From dump to urban wetland, wildlife returns to river in Chile's capital


SANTIAGO, Nov 2 (Reuters) - Birds, fish and flowers are returning to a river that cuts through Chile's capital after a decade-long effort transformed it from an eyesore filled with wastewater to an urban refuge for nature and wildlife.

Mauricio Fabry, head of the regional government's environmental office, said it is working with local districts to officially declare Santiago's Mapocho River an urban wetland, with legal protections to safeguard environmental gains.

"The Mapocho River is probably the most important urban and environmental landmark in Santiago's metropolitan region," Fabry said, adding that three of the 16 localities along the river have already moved to protect it.

"I've seen we have birds of prey like peregrine falcons hunting in the river, I've seen migratory birds like Franklin's gulls and there are more people looking at the river," Fabry said.

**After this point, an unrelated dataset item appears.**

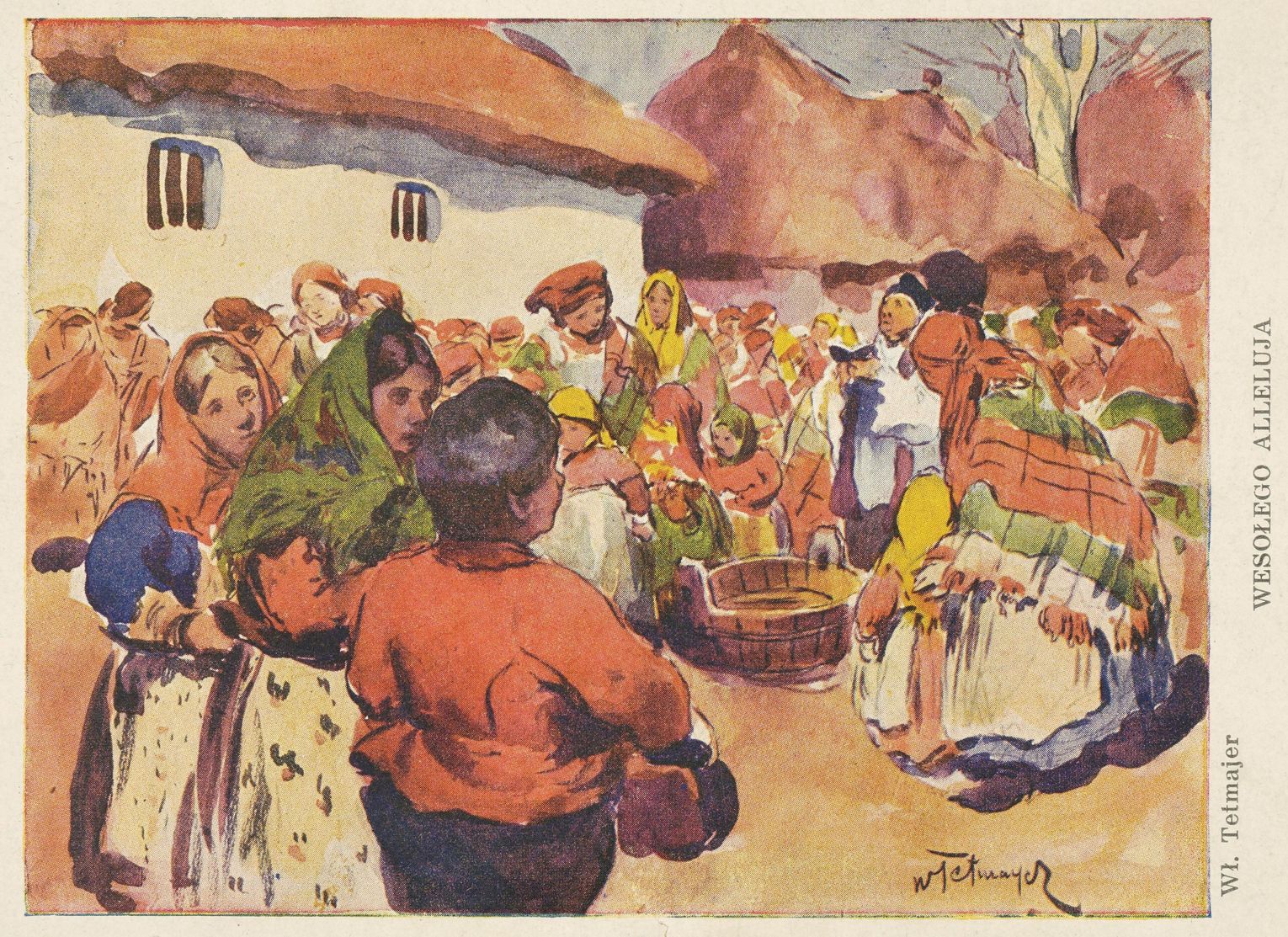 W Wielką Sobotę ksiądz święcił ogień, wodę oraz pokarmy. Jadło święcono zazwyczaj w chałupie najbogatszego gospodarza albo na wolnym powietrzu, np. pod przydrożnym krzyżem, gdzie wszyscy mieszkańcy wsi przynosili swoje kosze. Wkładano do nich dużo jaj, bochenek chleba, żeby go nigdy w domu nie brakowało, pęta kiełbasy, boczek, ser, masło, cały chrzan oraz sól. Dokładnie sprawdzano, czy wszystko jest. Jeśli czegoś by zabrakło, byłaby to zła wróżba.

He said the Mapocho used to be a "dead river" with garbage, a foul odor and no vegetation. But he noted contamination and waste water have largely disappeared over the last decade.

Joaquin Moure, director of the Mapocho Vivo foundation that seeks to protect the river, said it has been a decade since a local water supply company diverted wastewater to treatment plants that once was destined for the river.

"It's been 10 years that wastewater outlets don't go into the river, 10 years of clean water flowing," Moure said. "And that's why species like Andean catfish and freshwater crabs are returning to the river."

Declaring the Mapocho River an urban wetland will make it easier to protect the natural state of the river by preventing real estate development, dumping and activities like sand and rock extraction, Fabry said.

He added the river has a number of "ecosystem services" like acting as a carbon sink, lowering the city's temperature by up to 2 degrees Celsius and helping control invasive species.

"We can't live without biodiversity," Fabry said. "People don't recognize this as something relevant, but people can't really live without biodiversity because we depend on biodiversity."